Now that you know how to read a traceback, you are well-equipped to handle any bugs that come your way. The following are some common bugs that occur frequently (many of you might have seen them before). Try to debug the code!

You can copy the starter code (for the debugging and list portions of the lab) into your current directory to produce the traceback.

cp ~cs61a/lib/lab/lab09/lab9.py .

Feel free to do so, but copying and pasting from a webpage doesn't always yield the results you would expect!

def one(mississippi):
    """
    >>> one(1)
    1
    >>> one(2)
    4
    >>> one(3)
    6
    """
    if mississippi == 1:
        return misssissippi
    elif mississippi == 2:
        return 2 + mississippi
    elif mississippi = 3:
        return 3 + mississippi

def two(tup):
    """
    >>> two((1, 2, 3, 4))
    ((((1, 2), 1), (2, 3), 2), ((3, 4), 1))
    """
    first = (tup[0], tup[1])
    second = (tup[1], tup[2])
    third = (tup[2], tup[3])
    return (((first, tup[0]), second, tup[1]), (third, (tup[0]))))

def three(word):
    """
    >>> three('hello world!')
    'hello  w o r l d '
    """
    i = 0
    while len(word) > i:
        new = new + word[i]
        if len(new) > len(word) // 2:
            new = new + ' '
    return new

def four(seq):
    """
    >>> four((1, 2, 3, 4, 5))
    [1, 4, 9, 16, 25]
    """
    newseq = []
    for i in seq:
        newseq[i] = seq[i]**2
    return newseq

def one(mississippi):
    if mississippi == 1:
        return misssissippi           # extra 's' in mississippi
    elif mississippi == 2:
        return 2 + mississippi
    elif mississippi = 3:              # should be ==, not =
        return 3 + mississippi

def two(tup):
    first = (tup[0], tup[1])
    second = (tup[1], tup[2])
    third = (tup[2], tup[3])
    return (((first, tup[0]), second, tup[1]), (third, (tup[0]))))
                                      # extra parenthesis at end ^

def three(word):
    i = 0
    while len(word) > i:              # forgot to increment i
        new = new + word[i]           # forgot to initialize new
        if len(new) > len(word) // 2:
            new = new + ' '
    return new

def four(seq):
    newseq = []
    for i in seq:                     # i is an element in seq, not the index
        newseq[i] = seq[i]**2         # should be appending to newseq
    return newseq

Finally, you should almost always run the doctests we provide you from the terminal, instead of copying and pasting the tests into an interpreter.
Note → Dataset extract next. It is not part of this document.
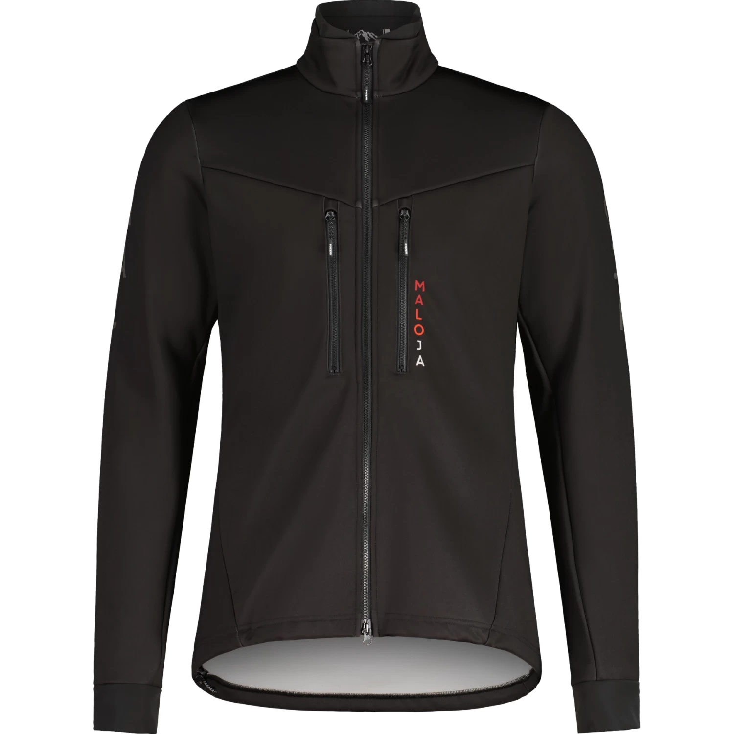 The Windblock jacket is made of quick-drying, elastic softshell material and is our warmest bike jacket in the Glide&Ride collection: it works on the bike, but also for cross-country skiing or trail running. The two-way zip allows the jacket to open from the bottom for ventilation, and it has two zippered chest pockets. Vertical Maloja lettering next to the zipper, split Maloja lettering on the upper arms.

This avoids typing mistakes, is a lot faster, and achieves the same result.

Intro to lists

Previously, we had dealt with tuples, which are immutable sequences. Python has builtin Lists that are mutable. This means you can modify lists without creating entirely new ones. Lists have state, unlike tuples.

Just like with tuples, you can use slicing notation with lists. In addition, not only can retrieve a slice from a list, you can also assign to a slice of a list. This is possible because lists are mutable.

Question 1.

What does Python print? Think about these before typing it into an interpreter!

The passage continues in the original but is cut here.